Recorded data Start Marker

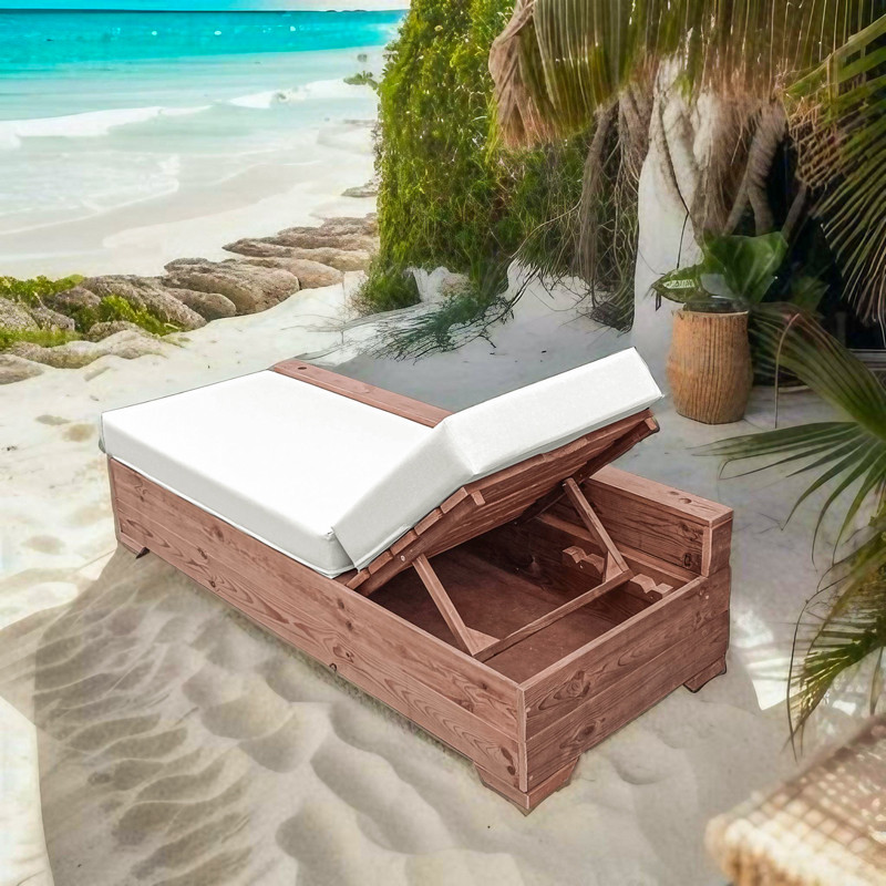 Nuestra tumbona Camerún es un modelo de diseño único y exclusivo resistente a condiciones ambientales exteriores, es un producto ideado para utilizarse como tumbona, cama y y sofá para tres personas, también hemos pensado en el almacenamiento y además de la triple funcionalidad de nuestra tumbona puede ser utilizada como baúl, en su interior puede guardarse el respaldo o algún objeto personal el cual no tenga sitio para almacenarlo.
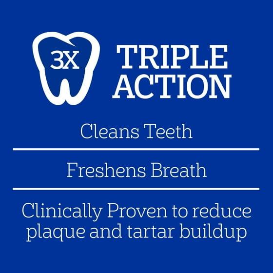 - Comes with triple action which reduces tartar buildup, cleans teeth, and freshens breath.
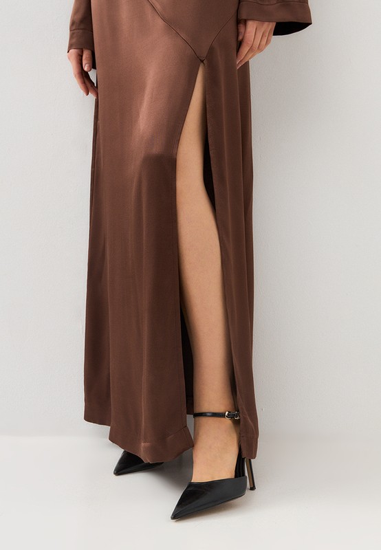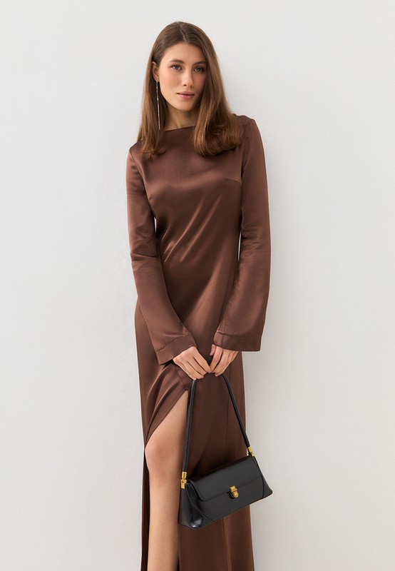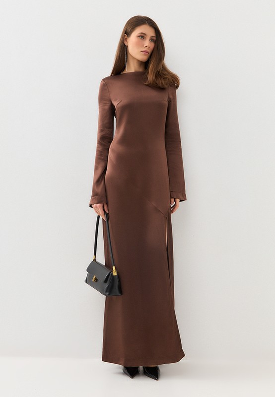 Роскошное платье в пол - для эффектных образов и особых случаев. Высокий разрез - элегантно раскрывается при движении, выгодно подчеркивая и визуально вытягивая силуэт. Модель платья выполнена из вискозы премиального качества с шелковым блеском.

Recorded data End Marker

**What you should do:** Reproduce the whole listing above word for word, but not its pictures.

**Solved problem:**
 Nuestra tumbona Camerún es un modelo de diseño único y exclusivo resistente a condiciones ambientales exteriores, es un producto ideado para utilizarse como tumbona, cama y y sofá para tres personas, también hemos pensado en el almacenamiento y además de la triple funcionalidad de nuestra tumbona puede ser utilizada como baúl, en su interior puede guardarse el respaldo o algún objeto personal el cual no tenga sitio para almacenarlo.
 - Comes with triple action which reduces tartar buildup, cleans teeth, and freshens breath.
 Роскошное платье в пол - для эффектных образов и особых случаев. Высокий разрез - элегантно раскрывается при движении, выгодно подчеркивая и визуально вытягивая силуэт. Модель платья выполнена из вискозы премиального качества с шелковым блеском.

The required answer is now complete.